* _WORK TO BE COMPLETED_
Check each line of the data for "ทธไสยาสน", and copy the ones that have it.

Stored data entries
__________

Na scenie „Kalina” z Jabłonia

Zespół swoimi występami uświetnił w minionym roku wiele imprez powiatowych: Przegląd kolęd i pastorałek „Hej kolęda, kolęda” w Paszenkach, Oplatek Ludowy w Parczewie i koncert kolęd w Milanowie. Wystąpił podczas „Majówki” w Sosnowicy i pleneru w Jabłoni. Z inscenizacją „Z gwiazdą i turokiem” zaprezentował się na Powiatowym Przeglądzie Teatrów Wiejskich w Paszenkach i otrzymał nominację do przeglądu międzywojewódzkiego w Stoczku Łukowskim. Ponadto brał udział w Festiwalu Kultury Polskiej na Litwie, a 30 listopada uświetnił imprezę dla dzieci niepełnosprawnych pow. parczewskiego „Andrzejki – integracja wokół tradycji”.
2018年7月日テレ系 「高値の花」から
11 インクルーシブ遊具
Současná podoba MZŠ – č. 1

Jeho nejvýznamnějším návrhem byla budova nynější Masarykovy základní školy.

__________

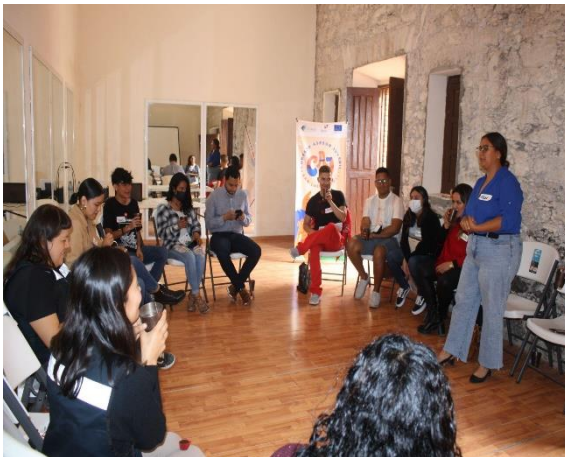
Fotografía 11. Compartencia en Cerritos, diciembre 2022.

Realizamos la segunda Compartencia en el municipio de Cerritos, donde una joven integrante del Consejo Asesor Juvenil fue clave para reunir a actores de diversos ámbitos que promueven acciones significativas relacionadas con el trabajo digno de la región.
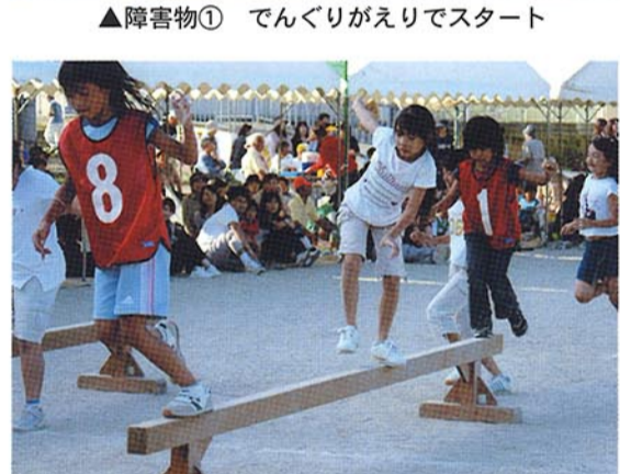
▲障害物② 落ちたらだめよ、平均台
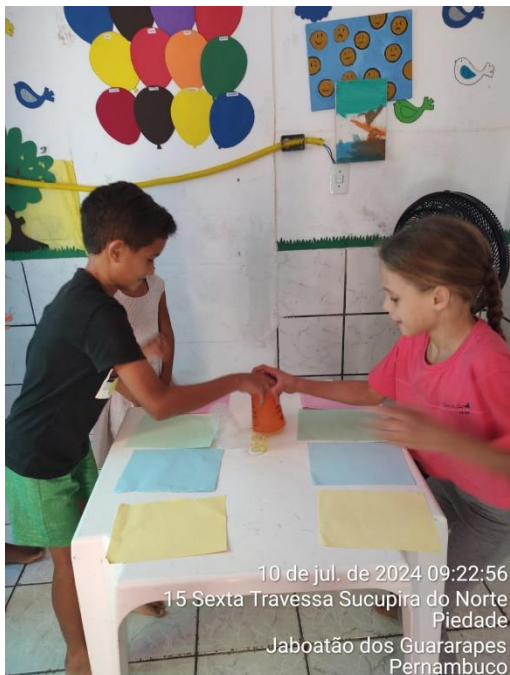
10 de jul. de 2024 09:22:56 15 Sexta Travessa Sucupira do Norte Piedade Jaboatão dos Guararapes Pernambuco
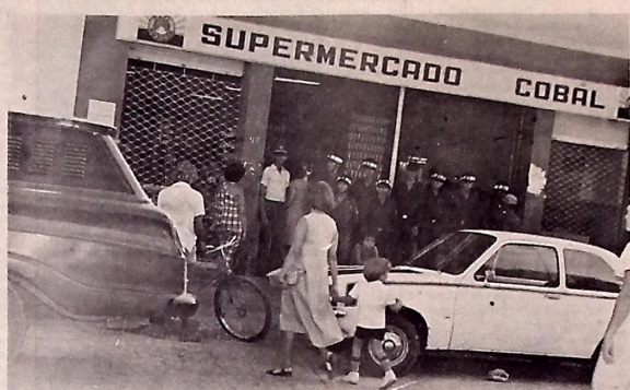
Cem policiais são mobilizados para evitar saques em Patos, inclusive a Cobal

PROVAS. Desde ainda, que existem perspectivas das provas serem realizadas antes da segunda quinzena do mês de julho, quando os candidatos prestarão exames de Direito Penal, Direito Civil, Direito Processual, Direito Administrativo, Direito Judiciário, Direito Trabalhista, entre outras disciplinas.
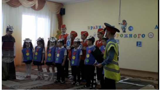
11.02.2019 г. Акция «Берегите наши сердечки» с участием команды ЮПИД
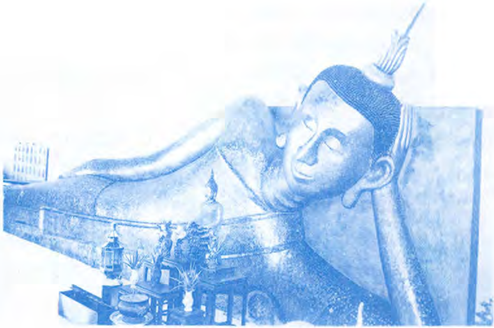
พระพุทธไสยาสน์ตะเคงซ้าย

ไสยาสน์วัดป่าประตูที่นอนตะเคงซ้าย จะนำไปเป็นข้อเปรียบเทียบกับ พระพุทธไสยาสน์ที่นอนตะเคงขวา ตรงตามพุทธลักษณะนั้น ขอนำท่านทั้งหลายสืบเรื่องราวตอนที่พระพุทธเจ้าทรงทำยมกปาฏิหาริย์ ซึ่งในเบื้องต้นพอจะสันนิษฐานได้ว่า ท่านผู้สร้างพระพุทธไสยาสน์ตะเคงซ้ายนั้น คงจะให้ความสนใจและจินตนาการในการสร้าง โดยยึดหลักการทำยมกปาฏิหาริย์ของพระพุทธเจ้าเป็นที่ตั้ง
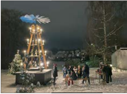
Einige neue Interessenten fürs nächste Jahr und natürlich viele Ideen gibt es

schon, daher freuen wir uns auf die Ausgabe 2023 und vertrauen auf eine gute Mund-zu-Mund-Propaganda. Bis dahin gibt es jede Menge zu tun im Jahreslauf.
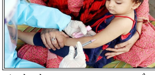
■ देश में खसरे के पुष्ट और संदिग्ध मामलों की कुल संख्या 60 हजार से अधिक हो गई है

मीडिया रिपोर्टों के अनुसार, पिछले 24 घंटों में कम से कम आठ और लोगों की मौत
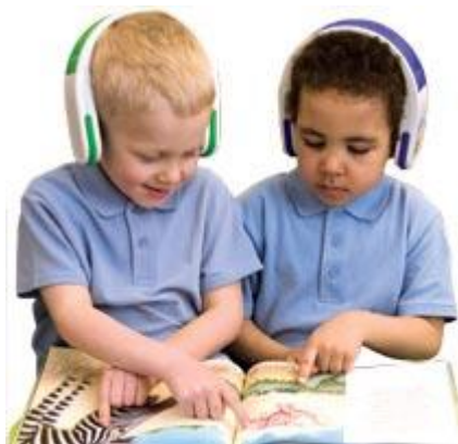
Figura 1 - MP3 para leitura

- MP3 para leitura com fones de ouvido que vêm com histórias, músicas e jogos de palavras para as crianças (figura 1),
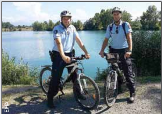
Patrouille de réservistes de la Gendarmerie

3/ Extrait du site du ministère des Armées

__________

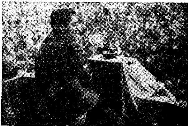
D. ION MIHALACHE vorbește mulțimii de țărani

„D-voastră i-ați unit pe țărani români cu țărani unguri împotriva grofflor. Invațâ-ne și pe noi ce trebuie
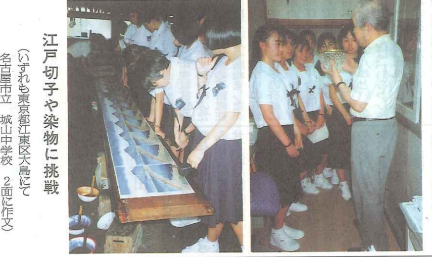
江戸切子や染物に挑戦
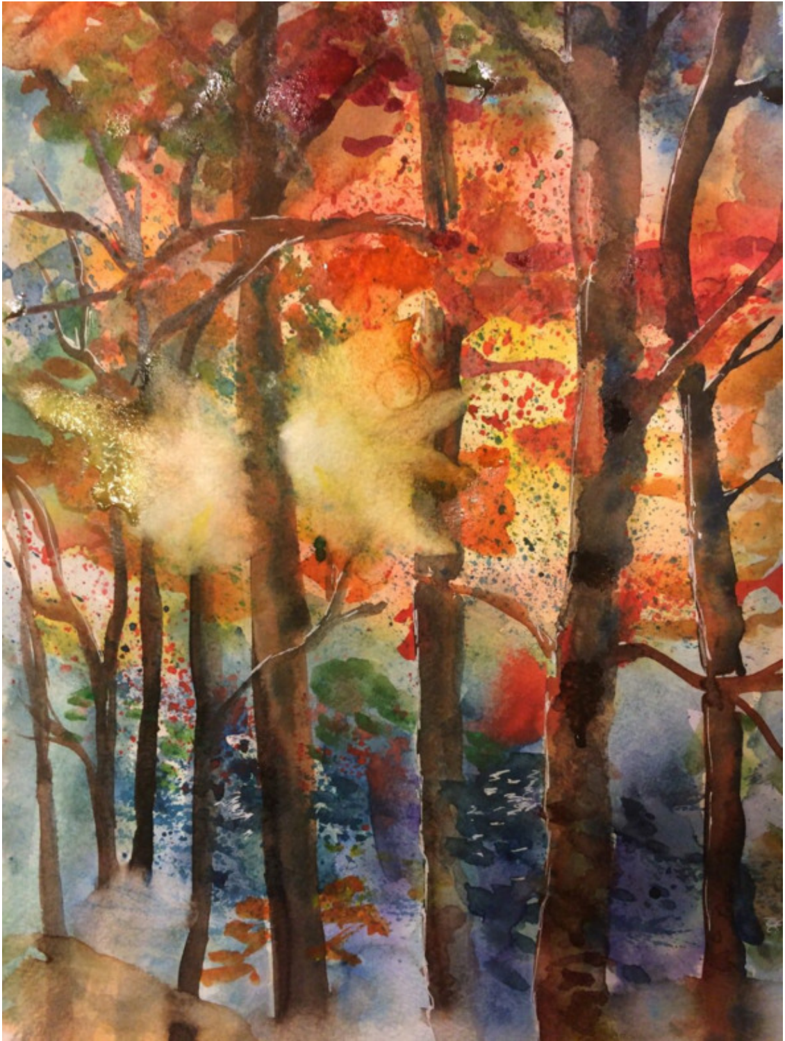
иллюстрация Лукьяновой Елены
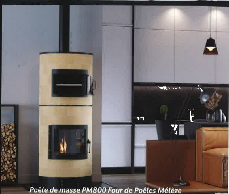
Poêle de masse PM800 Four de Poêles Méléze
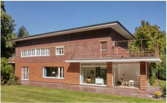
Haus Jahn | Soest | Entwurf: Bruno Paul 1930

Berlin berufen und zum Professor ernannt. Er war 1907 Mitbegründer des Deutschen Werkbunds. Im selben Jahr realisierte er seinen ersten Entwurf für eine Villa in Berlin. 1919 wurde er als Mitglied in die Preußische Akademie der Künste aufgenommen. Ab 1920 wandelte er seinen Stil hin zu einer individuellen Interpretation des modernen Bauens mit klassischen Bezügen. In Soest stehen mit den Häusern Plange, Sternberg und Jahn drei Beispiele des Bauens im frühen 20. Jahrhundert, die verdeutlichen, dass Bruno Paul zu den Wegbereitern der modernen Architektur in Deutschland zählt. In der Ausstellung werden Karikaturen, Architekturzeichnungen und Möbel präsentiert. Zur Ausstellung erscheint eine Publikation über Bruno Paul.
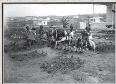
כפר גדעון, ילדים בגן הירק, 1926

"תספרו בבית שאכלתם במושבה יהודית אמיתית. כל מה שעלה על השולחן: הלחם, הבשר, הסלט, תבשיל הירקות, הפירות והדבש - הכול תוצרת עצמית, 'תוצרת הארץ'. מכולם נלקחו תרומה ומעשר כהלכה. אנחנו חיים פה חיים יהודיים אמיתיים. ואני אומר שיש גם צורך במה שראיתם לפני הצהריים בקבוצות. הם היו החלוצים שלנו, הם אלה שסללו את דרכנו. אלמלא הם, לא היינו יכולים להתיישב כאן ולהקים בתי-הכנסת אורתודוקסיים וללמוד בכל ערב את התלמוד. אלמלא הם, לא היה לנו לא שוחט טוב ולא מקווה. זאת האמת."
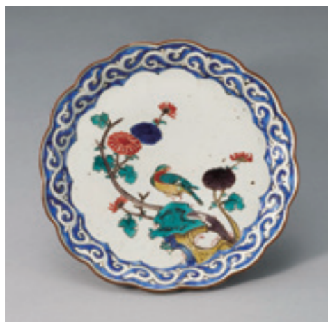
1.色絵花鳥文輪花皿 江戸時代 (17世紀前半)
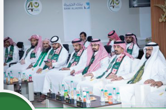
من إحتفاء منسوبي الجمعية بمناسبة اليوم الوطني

__________

* _SOLUTION TO THE EXERCISE_
พระพุทธไสยาสน์ตะเคงซ้าย
ไสยาสน์วัดป่าประตูที่นอนตะเคงซ้าย จะนำไปเป็นข้อเปรียบเทียบกับ พระพุทธไสยาสน์ที่นอนตะเคงขวา ตรงตามพุทธลักษณะนั้น ขอนำท่านทั้งหลายสืบเรื่องราวตอนที่พระพุทธเจ้าทรงทำยมกปาฏิหาริย์ ซึ่งในเบื้องต้นพอจะสันนิษฐานได้ว่า ท่านผู้สร้างพระพุทธไสยาสน์ตะเคงซ้ายนั้น คงจะให้ความสนใจและจินตนาการในการสร้าง โดยยึดหลักการทำยมกปาฏิหาริย์ของพระพุทธเจ้าเป็นที่ตั้ง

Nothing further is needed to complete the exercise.